Even among the bigger PSUs, HAL doesn’t look that tiny. It’s almost 60 percent the size of Oil and Natural Gas Corporation (ONGC) of India, almost 80 percent the size of Coal India Limited, and about 90% the size of Indian Oil Corporation Limited.
In terms of market cap, HAL is also India’s biggest defence sector PSU, followed by Bharat Electronics Ltd (Rs 85,900 crore), Bharat Dynamics Ltd (Rs 21,000 crore), Mazagon Dock Shipbuilders Limited (Rs 20,000 crore), BEML (Rs 6,260 crore), and GRSE (Rs 5,700 crore).
So how did it get so big?
One of the primary reasons for the increase in defence stock pricing is the growing focus of the government on domestic manufacturing rather than imports.
The defence ministry has come out with multiple negative import lists, which restrict the import of several items in a planned manner.
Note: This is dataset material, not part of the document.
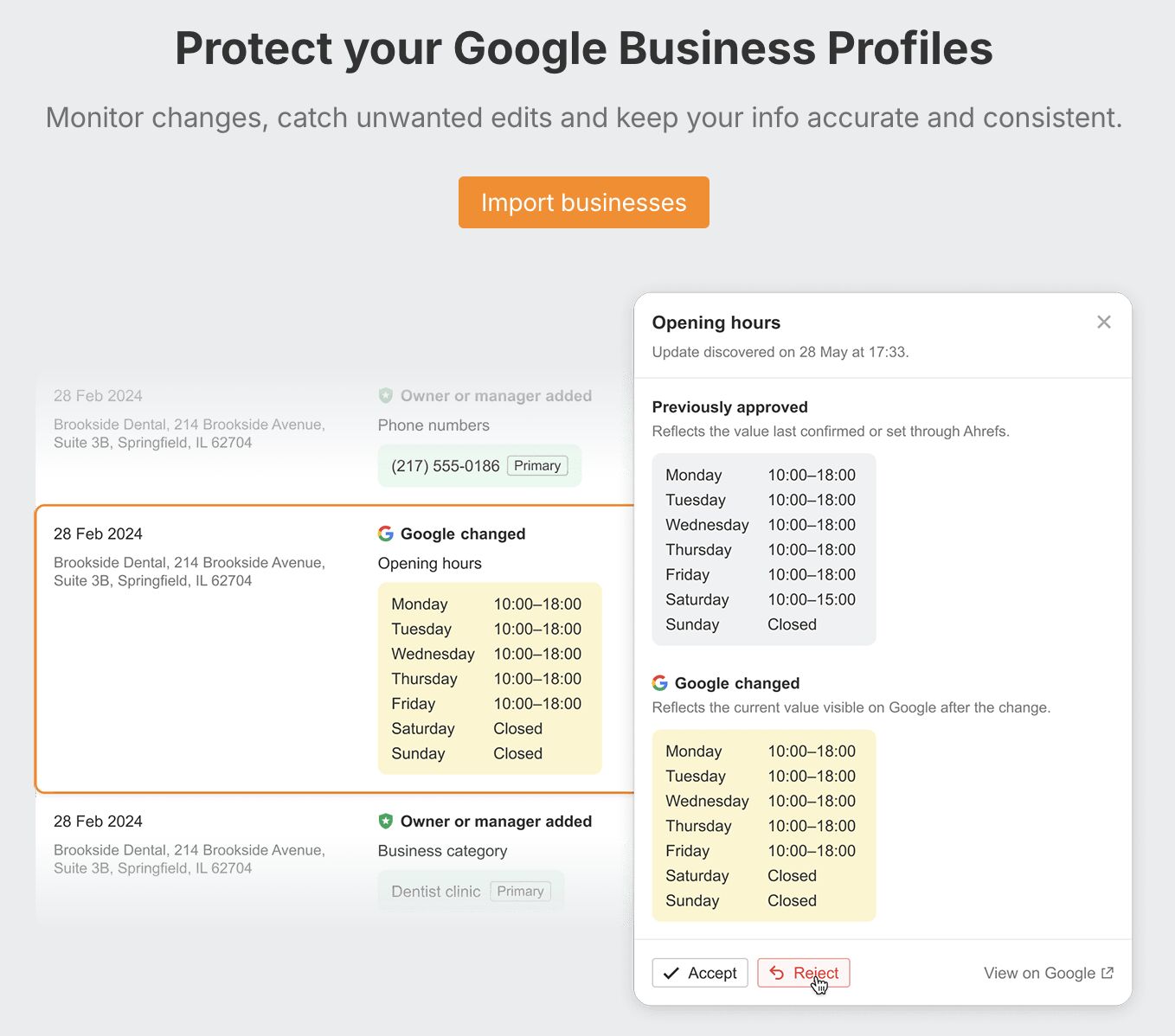 Accept or reject edits with a click – just connect your Google account and import locations to get started.

Over the next decade, India will manufacture tanks as well as all kinds of fighter aircraft, transport planes, specialised vehicles, artillery guns and small arms.
The government has earmarked 75 percent of the armed forces’ capital procurement budget this fiscal year for domestic industry, up from 68 per cent in 2022-23.
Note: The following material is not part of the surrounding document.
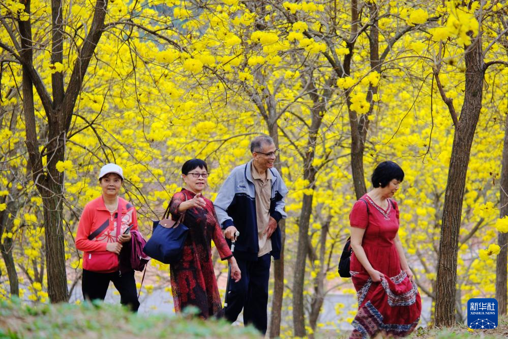 时下正是广西南宁市青秀山风景区内的黄花风铃木盛放时节,吸引了众多游客前往观赏。

This means the armed forces will have to prioritise Indian entities or joint ventures based here when placing orders for procurement. The 75 percent would translate to approximately Rs 1 lakh crore.
Over the next decade, orders worth nearly $100 billion are likely to be made by the Indian military, most of which will go to Indian companies.
India has also started exporting defence equipment to over 90 countries, and it hit a record high of nearly Rs 16,000 crore in 2022-23.
HAL has also bagged big contracts, which include those for 83 Tejas aircraft. According to media reports, it has a pending order of about Rs 83,000 crore and another for around Rs 50,000 crore in the pipeline.